Finalmente salí de la iglesia luego de la expedición al pasado en el sudeste sombrío. Cansado de buscar respuestas recordé la canción de Dylan cuando el nobel de literatura sintió que tocaba las puertas del cielo. “Knock—knock—knockin' on heaven's door”. Dios no me abrió. Caminé por Lima y entre a una pizzería Ugi´s. Ordené tres porciones del cuerpo de Cristo y una botella tres cuarto de la sangre del Señor.


— ¿Dos o cuatro, amigo?

— ¿Sos sordo? Tres porciones, te dije.

— ¡Dos o cuatro, así de corta!

— Eh... Bueno, dame dos.



Repeat



— Two or four, my friend?

— Are you deaf? Three portions, I told you.

— Two or four, so short!

— Uh... Well, give me two.



Con la mirada vacía y acuosa, como la de los peces cuando van ahogándose fuera del agua, sacié la sed del cuerpo y del alma. A la tercera cerveza acerté con un discípulo de Wild Wilde que me invitó una copa. Después de una charla extensa me indicó donde encontrar al Dios que buscaba. El Dios que no interroga y atiende de lunes a lunes las veinticuatro horas.

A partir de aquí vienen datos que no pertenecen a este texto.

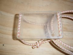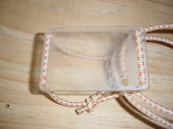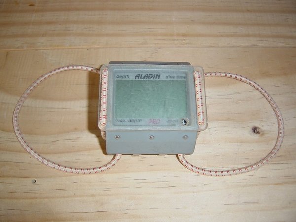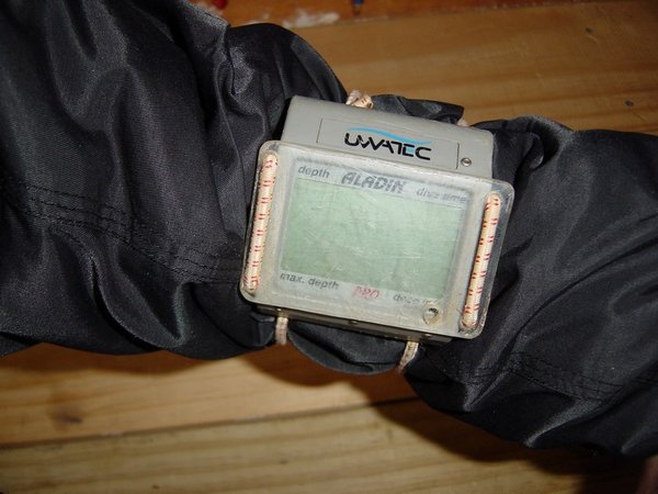 Quelques modifications apportées a cet ordinateur pour l'usage un peu « costaud » en plongée souterraine. La réputation de robustesse du bracelet d'origine n'a pas du dépasser les murs du bureau d'étude d'Uwatec en Suisse… C'est pourquoi, je l'ai remplacé par des élastiques 4 mm achetés en magazin d'accastillage. 2 boucles indépendantes avec nœud de pêcheur simple qui sont passées sous les tiges inox du capot arrière. Ces tiges se démontent avec un chasse goupille fin et un marteau. Une des 2 boucles a un diamètre légerement superieur a l'autre pour mieux épouser la forme conique de l'avant bras ( juste un peu maniaque parfois…). En cas de rupture d'une des tiges ou de l'un des élastiques, vous ne perdrez pas l'ordinateur, ce n'est pas le cas pour la rupture du bracelet d'origine… L'inconvenient reste que ce n'est plus réglable… Mais j'ai peu de différence de grosseur entre l' étanche et l'humide avec une sur-combi speleo. 2° modif, l'ajout d'un protecteur d'écran. Celui-ci a été réalisé dans une chute de polycarbonate épaisseur 3 mm. Les dimensions sont de 75 x 50 mm avec 4 percages aux angles, une boucle en élastique vient « ceinturer » l'ordi. Un percage sur le bas de l' écran pour que l'eau puisse s' échaper, ça évite la formation de bulles entre l' écran et le protecteur et ainsi gêner la lecture. Sur les photos, on voit que le protecteur est bien rayé, mais sous l'eau les rayures ne se voient plus.

— Decile que vas de parte mía.

— ¿Me hacen descuento?

— Dale cabezón, nos vemos.

— ¡Gracias, loco!

— De nada, compadre.


¡A la mierda con el Melli! Al calor de los alcoholes los desconocidos se vuelven amigos. Mientras me encauzaba al encuentro de Dios, recordé que debía preparar una nota atemporal para la sección sociedad del diario. Tomé mi apuntador y rasgueé: La Iglesia del Inmaculado Corazón de María es el característico templo católico que corona el extremo norte de la Plaza Constitución…



— Linda chicas, eh.

— ¿Viste?

— ...

— Vamos a lo nuestro... Si queres podes pasar con alguna más tarde.


De una de las habitaciones irrumpió un ángel regordete duro como sanguche de tortuga que le habló a Dios al oído. Este cambió su expresión y me apuntó con voz firme.

— ¿Vos no sos Mauro, el hermano del Melli?

— No.

— Mira, papito. No es nada en contra tuya pero tomatela.

— Tengo plata. ¡Te voy a pagar!

— Andate antes que los guardianes del cielo se pongan nerviosos.


Ebrio y entontecido salí del lugar con dificultad. Al subir las escaleras advertí un angelito muy bonita que me resultó familiar. Ella me observaba mientras escalaba hacia la puerta de salida. La joven, que no llegaba a los veinte, elevó su brazo derecho retraídamente y colocó sus dedos en V. Sus ojos se llenaron de lágrimas.

El aire de la calle me despabiló en ambiguas horas que mezclan al borracho y al madrugador. Tomé un taxi — Carlos Calvo y Ceballos, por favor — y apoyé mi cabeza sobre el oso de peluche.

El Melli tenía razón, las cosas cambiaron mucho. Ya no son como antes.